(p. C7) In some perceptive passages in the earlier stages of this book, Mr. Fritzsche examines how, during the party’s years in opposition, the Nazis were able to broaden their support away from the original ideological core to voters who, for example, just thought that “something” had to be done to sort out a deeply unsettled country. . . .
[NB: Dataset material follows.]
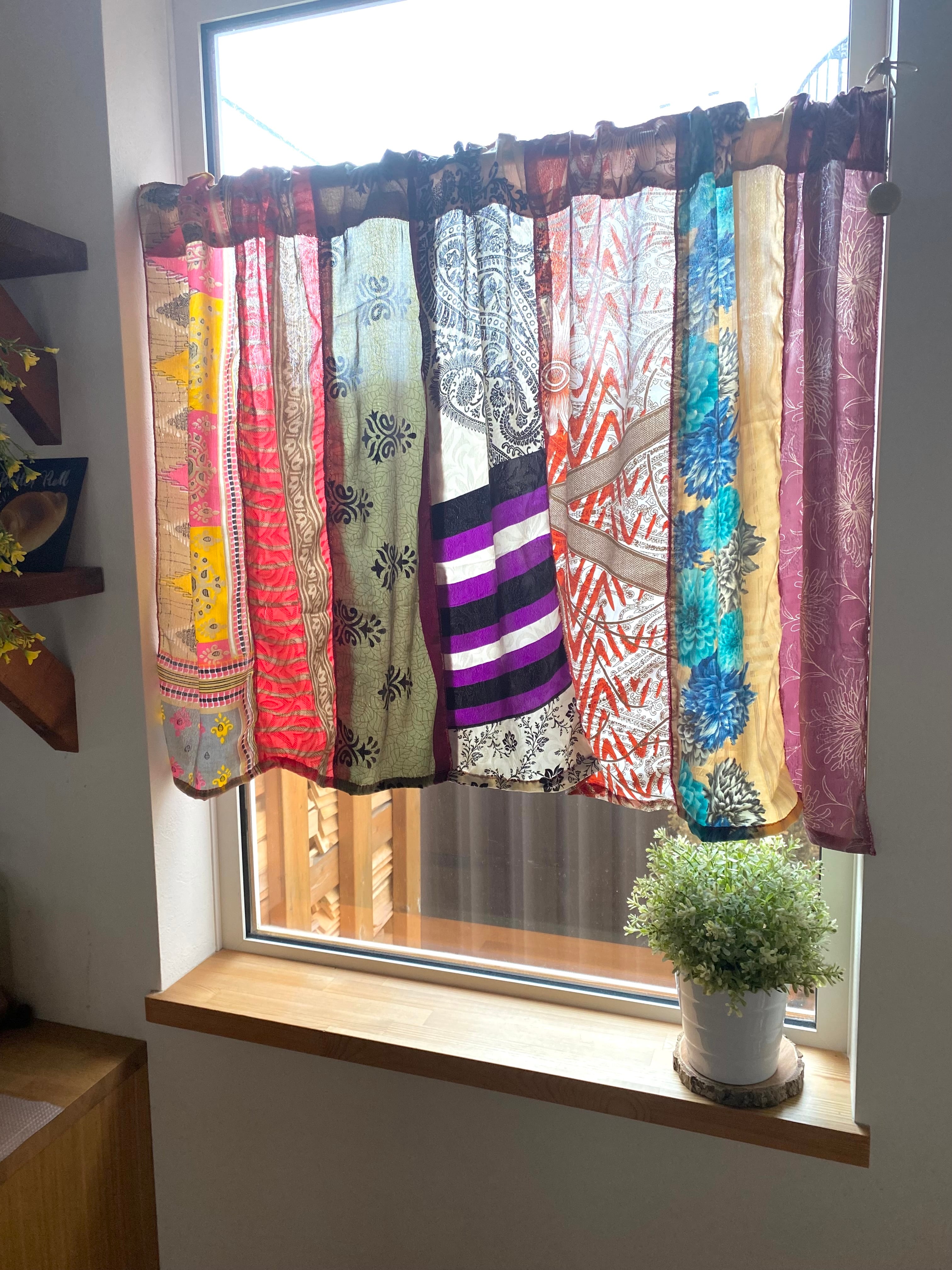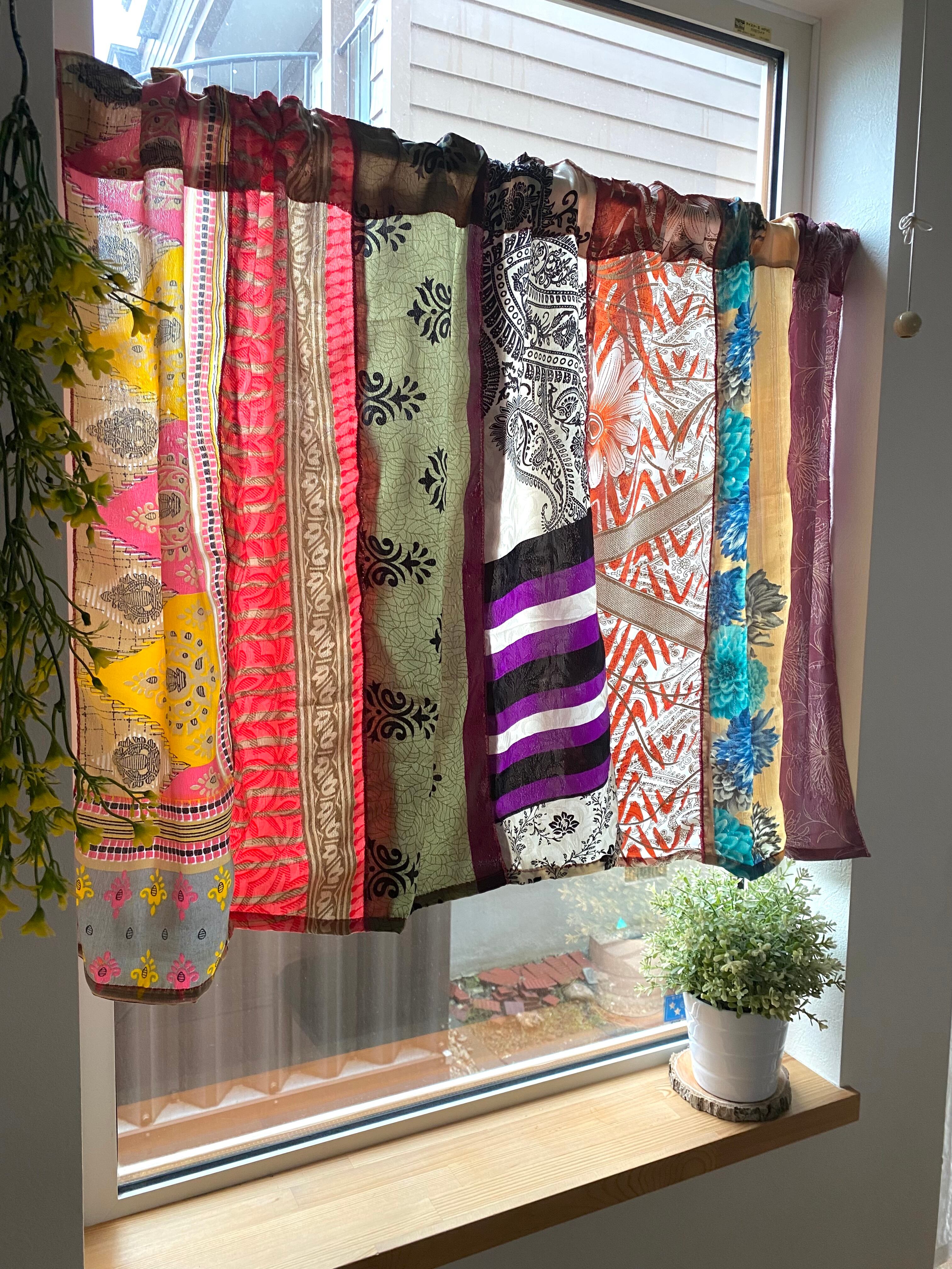 ヴィンテージサリーで出来たパッチワークシルクカーテン

What the author stresses is that, contrary to what is so often assumed, many Germans were seduced not by despair but by optimism. Mr. Fritzsche sets out the ways that the Nazis produced the impression that the party was creating a Volksgemeinschaft—a people’s community—through such methods as transforming the Left’s traditional celebration of (p. C8) the first of May into “The Day of National Labor,” a festival of national unity rather than class struggle.
. . .
Mr. Gellately differs from many in the weight he places on the appeal of the “socialist” element in an ideology that, almost from its earliest days, had combined nationalism and anti-Semitism with a distrust of capitalism.
. . .
It was probably the memory of that Volksgemeinschaft, however much it rested on illusion, that explains one of the most remarkable facts in Mr. Gellately’s book: When Germans in the country’s west and in West Berlin—a people still living amid the ruins of the Reich—were asked in 1948 whether National Socialism was a good idea, but poorly implemented, 57% of those polled replied “yes.”
For the full review, see:
Andrew Stuttaford. “High-Speed History.” The Wall Street Journal (Saturday, June 13, 2020): C7-C8.
(Note: ellipses added.)
(Note: the online version of the review was updated on June 12, 2020, and has the title “Three on the Third Reich: High-Speed History.”)
The two books mentioned in the passages quoted above, are:
Fritzsche, Peter. Hitler’s First Hundred Days: When Germans Embraced the Third Reich. New York: Basic Books, 2020.
Gellately, Robert. Hitler’s True Believers: How Ordinary People Became Nazis. New York: Oxford University Press, 2020.